◆ DATA RECORDS ◆
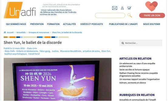 编者按:2026年3月13日,法国知名反邪教民间组织法国保护家庭和个人协会全国联合会在其官网Unadfi.org刊文《“神韵”:一场引发争议的舞蹈演出》,聚焦美国哥伦比亚广播公司“周日早新闻”相关报道,揭露“法轮功”邪教旗下“神韵艺术团”强迫未成年人演出和剥夺医疗权等问题。中国反邪教网编译如下:
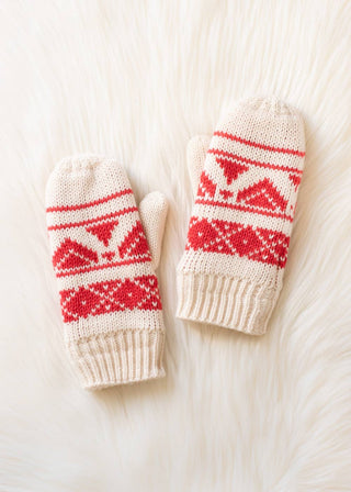 Cream & red patterned knit mittens. Fleece lined. 100% Acrylic. One Size.
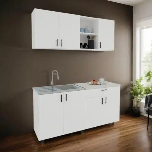 שדרגו את המטבח שלכם עם מטבח לבן מודרני ומעוצב, המושלם לחללים קטנים. המטבח כולל ארונות עליונים ותחתונים מרווחים, כיור נירוסטה ומשטח עבודה פרקטי.
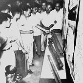 ▲1958年,周恩来总理在焊接实验室视察“电渣焊”技术。 (梁文骏 摄)
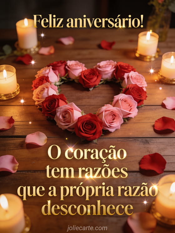 Feliz aniversário! O coração tem razões que a própria razão desconhece uma mensagem de aniversário carinhosa e íntima
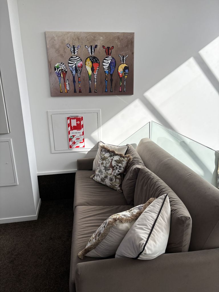 It was a short trip from there to the Tides hotel in Nelson. It was a very pretty place with art everywhere and soon became our second-favourite hotel of the whole trip.
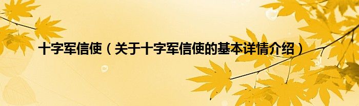 本文关于十字军信使的基本详情介绍就讲解完毕,希望对大家有所帮助。

◆ EXERCISE REQUIREMENTS ◆
Repeat the listing above word for word. Do not include the pictures.

◆ ANSWER BOX ◆
 编者按:2026年3月13日,法国知名反邪教民间组织法国保护家庭和个人协会全国联合会在其官网Unadfi.org刊文《“神韵”:一场引发争议的舞蹈演出》,聚焦美国哥伦比亚广播公司“周日早新闻”相关报道,揭露“法轮功”邪教旗下“神韵艺术团”强迫未成年人演出和剥夺医疗权等问题。中国反邪教网编译如下:
 Cream & red patterned knit mittens. Fleece lined. 100% Acrylic. One Size.
 שדרגו את המטבח שלכם עם מטבח לבן מודרני ומעוצב, המושלם לחללים קטנים. המטבח כולל ארונות עליונים ותחתונים מרווחים, כיור נירוסטה ומשטח עבודה פרקטי.
 ▲1958年,周恩来总理在焊接实验室视察“电渣焊”技术。 (梁文骏 摄)
 Feliz aniversário! O coração tem razões que a própria razão desconhece uma mensagem de aniversário carinhosa e íntima
 It was a short trip from there to the Tides hotel in Nelson. It was a very pretty place with art everywhere and soon became our second-favourite hotel of the whole trip.
 本文关于十字军信使的基本详情介绍就讲解完毕,希望对大家有所帮助。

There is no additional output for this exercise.